Traffic Exposure Linked to Changes in Heart Structure, Function
Exposure to traffic pollution may alter heart structure and function, according to a new study.
New research links exposure to high levels of traffic-related air pollution to changes in the right ventricle of the heart that may increase the risk of heart disease. Researchers said the findings support previous studies that show that air pollution exposure increases the risk of heart disease.
"Although the link between traffic-related air pollution and left ventricular hypertrophy, heart failure, and cardiovascular death is established, the effects of traffic-related air pollution on the right ventricle have not been well studied," lead author Peter Leary, MD, MS, of the University of Washington Medical Center in Seattle, said in a news release. "Using exposure to nitrogen dioxide as a surrogate for exposure to traffic-related air pollution, we were able to demonstrate for the first time that higher levels of exposure were associated with greater right ventricular mass and larger right ventricular end-diastolic volume. Greater right ventricular mass is also associated with increased risk for heart failure and cardiovascular death."
The latest study involved 3,896 participants who were free of cardiovascular disease in the Multi-Ethnic Study of Atherosclerosis and who underwent cardiac magnetic resonance imaging (MRI). Researchers estimated exposure to outdoor oxides of nitrogen at the homes of participants over the year before the MRI scan.

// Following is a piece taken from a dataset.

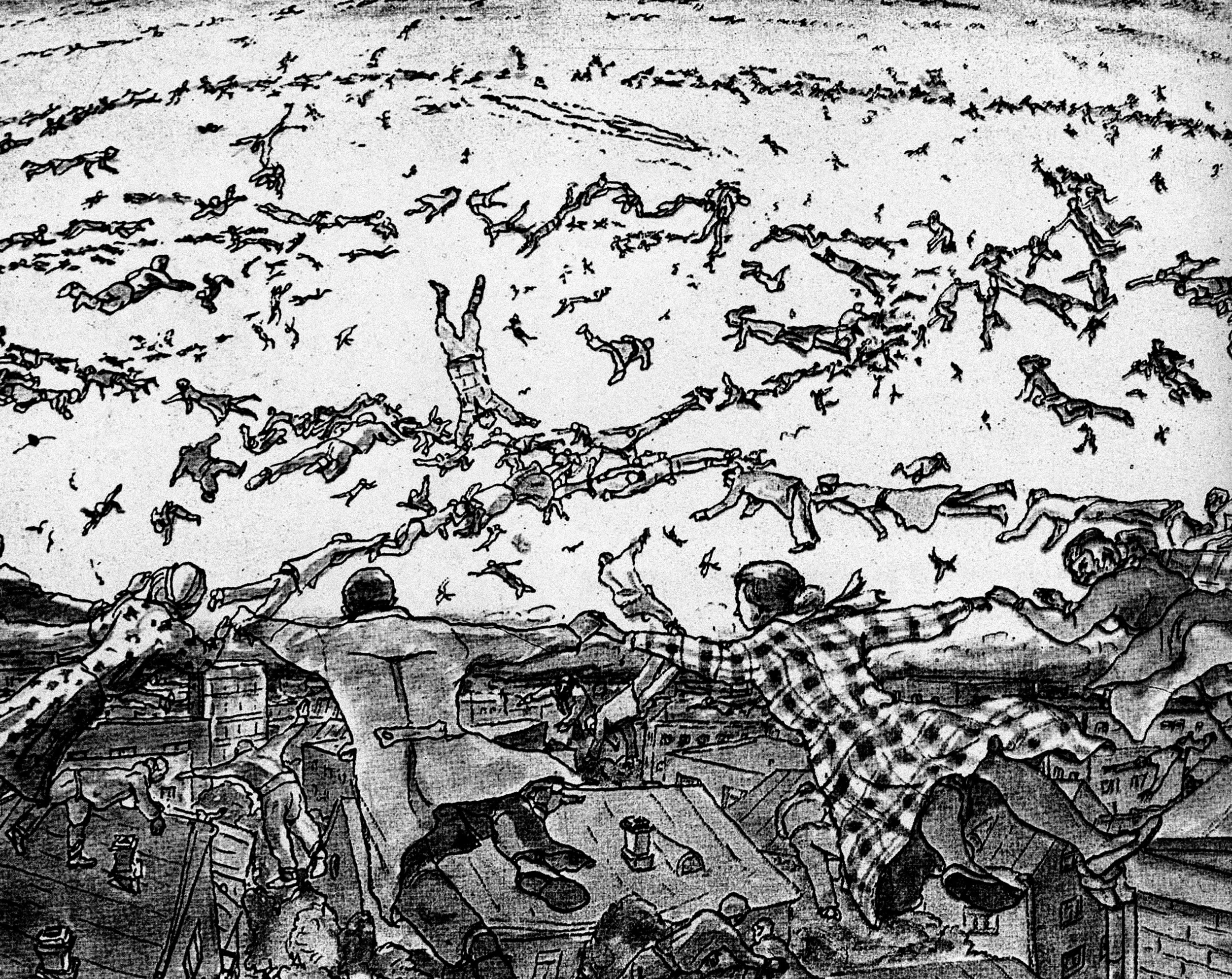 In The Flying Komarov (1972-1975), a part of the Ten Characters series, a man leaps into space, after a fight with his wife, joining “kindred souls” sailing through an infinite space.[21]

The findings linked increased exposure to nitrogen dioxide to an approximately 1.0 g (5 percent) increase in right ventricular mass and a 4.1 mL (3 percent) increase in right ventricular end-diastolic volume.
Researchers said the findings held true even after researchers accounted for differences among participants in cardiovascular risk factors, left ventricular mass and volume, markers of inflammation, lung disease and socioeconomic status.
"The morphologic changes in the right ventricle of the heart that we found with increased exposure to nitrogen dioxide add to the body of evidence supporting a connection between traffic-related air pollution and cardiovascular disease," concluded Leary. "The many adverse effects of air pollution on human health support continued efforts to reduce this burden."